Mr. Hunter went on to mention that Wave Swell’s technology relies on valves for the critical venting function in their new approach to OWCs. “With our design, we quickly realized that we would need a reliable way to release the air inside the chamber as the water level rises. Because we don’t want any back pressure pushing on the rising water and restricting it from coming up freely, we also realized that we would need a passive valve instead of a controlled option. After all, the motion of the wave is erratic and based on minute-to-minute water conditions. The waves themselves are usually slow, taking between 12-14 seconds to rise and fall. But the period of that motion changes, and a valve that reacts to a signal, like pressure, would require fast actuators. In turn, that would lead to complexity, which adds cost, which adds potential failure, which leads to downtime. In other words: we wanted a passive valve!”

In-house design

After realizing they would need a valve for their project, the team at Wave Swell set off to find the right one. Because of their unique requirements, this proved difficult. “For our project, we needed the valve to open as soon as there was pressure in the chamber, and we also needed a high flow rate. Based on our research in the literature and talking to other companies, we came to realize that these are characteristics most valves do not possess and that we would have to make something in-house to meet our needs.”
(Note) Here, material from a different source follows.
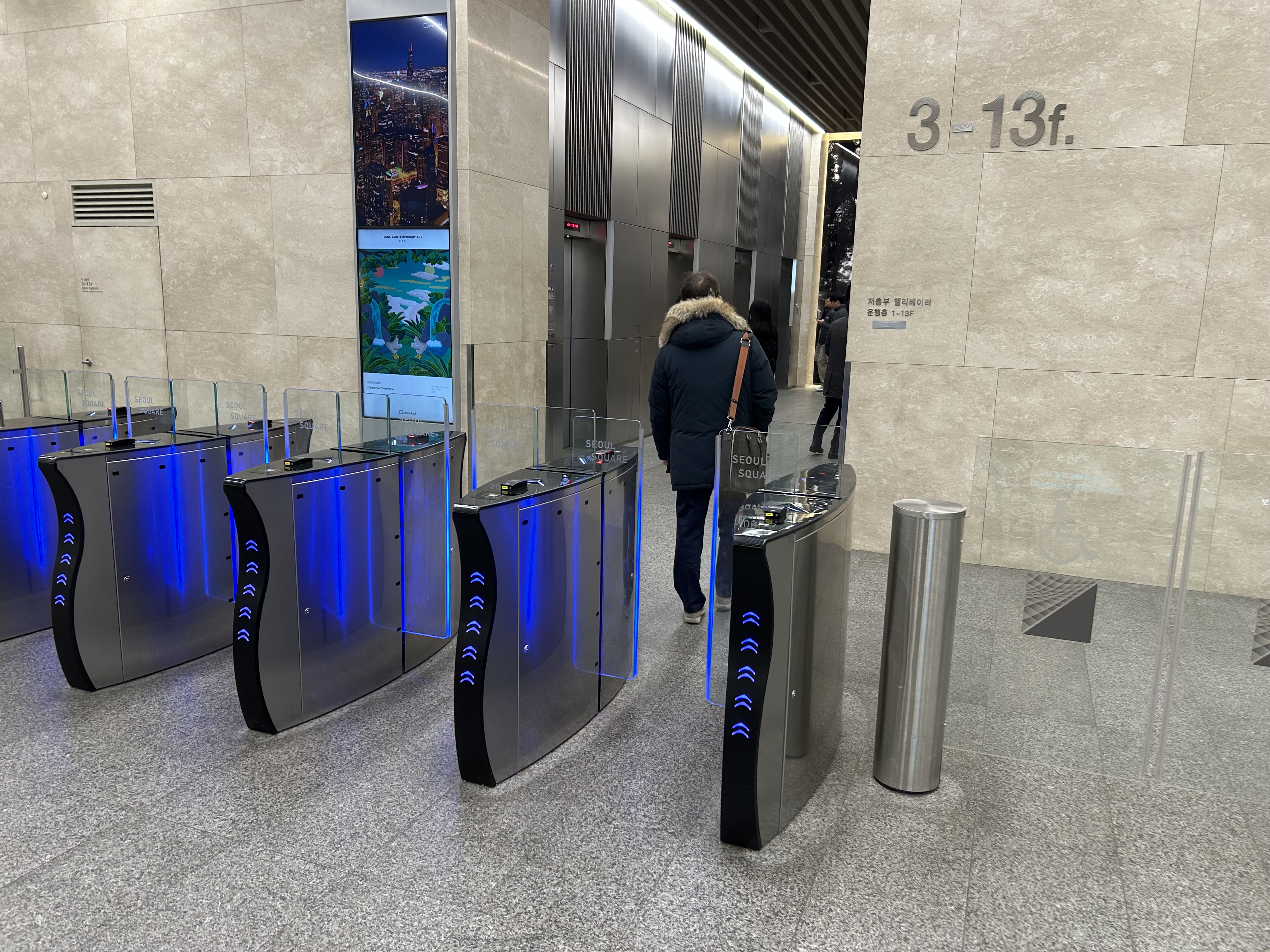 서울역ktx 방향 회전문으로 출입 -> 1층 안내데스크 출입증(건물 앞쪽) 수령 -> 건물 뒤쪽으로 이동 후 중앙 스피드게이트 이용 -> 우측 저층부 엘리베이터 이용 -> 4층 도착.

“To begin, we did a lot of experimentation with the Australian Maritime College based in Tasmania. We determined the size of the valve based on model experiments at a scale of 1:25. This gave us an idea of the pressure and flow characteristics. Then we had to determine how to make the valves at full scale and what materials to use. We knew they’d have to be lightweight to open with very little back pressure. First we looked at composites like fiber glass and carbon. But when we tested the composite valve made of fiber glass, it was so heavy that when the pressure dropped the valve would slam shut and make a lot of noise. We thought we would try to dampen that, either with a spring system or seal, but this proved unnecessarily complicated.” 

Solution 

Mr. Hunter smiled as he recalled the breakthrough: “then it came to us: why not use rubber? Its simple, its durable, and its noncorrosive for the marine environment. We replaced the composite hatch with a rubber flap, and it works very well, right from the first day! It might not be the best solution for years to come, but if we must change the valve out, it would be relatively cheap and easy to accomplish. After implementing an aluminum frame to keep the rubber from deforming as the pressure builds in the chamber, we knew we were ready for serious testing. That’s where we are right now. Going forward into the future, once we get to the full commercial scale and we are working with other partners, the Wave Energy valve solution may not stay rubber. Time will tell. But that’s the great thing about wave energy. Unlike more stable renewables like wind, where the designs haven’t changed in some time, wave energy has always attracted weird and wonderful solutions to engineering challenges.”